### Items from a data source
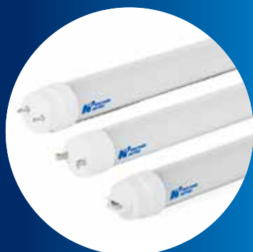
直管型LED蛍光灯 Mシリーズは全て認証済
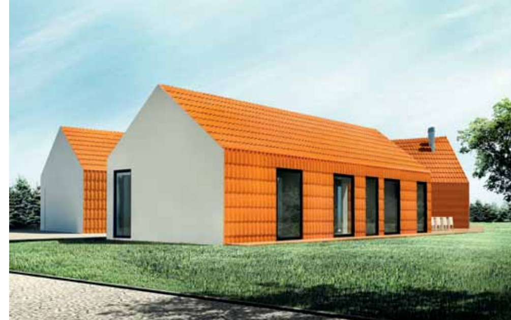
DOM DO SPANIA Część prywatna mieszkańców znalazła się w odrębnej części domu. Duże okna należą do sypialni dzieci i rodziców

Parterowy budynek został w wyraźny sposób podzielony na dwie części: dzienną w większej, załamanej części oraz prywatną – nocną w mniejszej części. Łączy je pawilon z płaskim dachem, w którym znalazło się wejście i ciąg komunikacyjny. Usytuowanie obu skrzydeł domu pozwoliło stworzyć rodzaj zewnętrznego dziedzińca. Widać go zarówno ze strefy dziennej, jak i z sypialni. Salon z jadalnią i kuchnią został zaprojektowany jako przestrzeń otwarta.
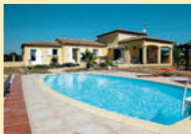
LEMUY 1.122 KM VAN BRUSSEL

Verzorgde villa uit 2004 op een afgesloten terrein van 1.356 m 2 . De bewoonbare oppervlakte bedraagt 140 m 2 . De living, eethoek en Amerikaanse keuken vormen één grote ruimte. Er zijn vier slaapkamers, waarvan één suite, en twee badkamers. Met airco. Overdekt terras met uitzicht op het zwembad dat enkele meters verder ligt. Residentiële omgeving. Meer info: www.cielbleu-invest.be en 0495/52 69 50
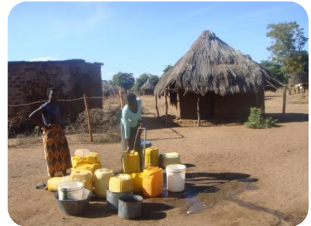
Uno dei 24 rubinetti installati nel villaggio di Kavalamanja
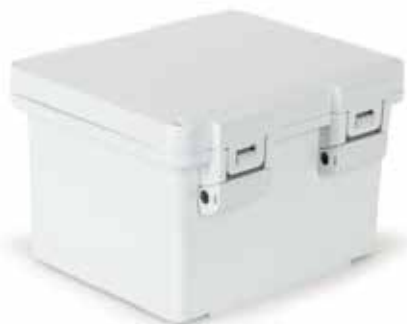
Z zawiasami, zamknięcie poprzez zatrzaski z tworzywa (HNL)
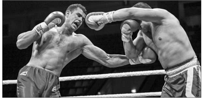
У п'яти видовищних поєдинках "Українські отамани" не змогли зламати опір "Марокканських левів" - 2:3

### INSTRUCTIONS TO FOLLOW
The lines to be transcribed are those from the first line of the data above through the line holding "DOM DO SPANIA", inclusive; copy them exactly and only, leaving out the pictures.

### ANSWER TO THE PROBLEM
直管型LED蛍光灯 Mシリーズは全て認証済
DOM DO SPANIA Część prywatna mieszkańców znalazła się w odrębnej części domu. Duże okna należą do sypialni dzieci i rodziców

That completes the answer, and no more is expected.